The writer cleverly avoids ascribing a time period to his stories, yet at various points the stories are peppered with his ingenious nods to historical references. Consequently, one gets a hint of how feudalism in Pakistan has survived well into the 1990s and post 9/11, when the feudal oligarchs merely transformed themselves into businessmen; this success is undoubtedly owed to their collaboration with the military, the bureaucracy and the police. Feudalism is well and alive in Pakistan, and it is more than just a mindset, unlike what some Pakistani intellectuals claim. But as two of the characters in these stories, Makhdoom Talwan and Lily, in a contemporary nod to the ambitious Tancredi, desperate to save the declining Sicilian aristocracy from ruin in Lampedusa’s celebrated novel Il Gattopardo (The Leopard), do recognise the fact that it is ultimately an artificial and decaying world.

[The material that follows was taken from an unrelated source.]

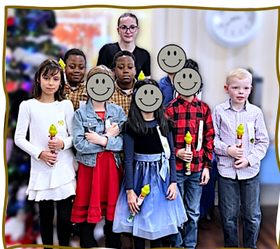
McTaggart Seniors Residence

And unless the parasitic inhabitants of this world address the central issues of land reform and socio-economic justice (both for the peasant and the woman), it is bound to collapse. To quote Tancredi, “If we want things to stay as they are, things will have to change.” The sooner this is recognised by the young Bhutto-Zardaris, Legharis, Gill….anis and Khars now dominating Pakistan’s parliament, the better.

One wishes Mueenuddin had also exposed the role established religion plays in reinforcing the coercive power of feudalism, apart from the mullah’s nominal role in performing legal marriages and overzealously sanctifying illegitimate liaisons.

Whatever one’s disagreements with Mueenuddin’s depiction of Pakistan’s feudal milieu and its appended leisure class, he deserves to be commended for breaking into hitherto uncharted terrain in Pakistani English writing.

The writer is a social scientist, translator, book critic and a prize-winning dramatic reader based in Lahore.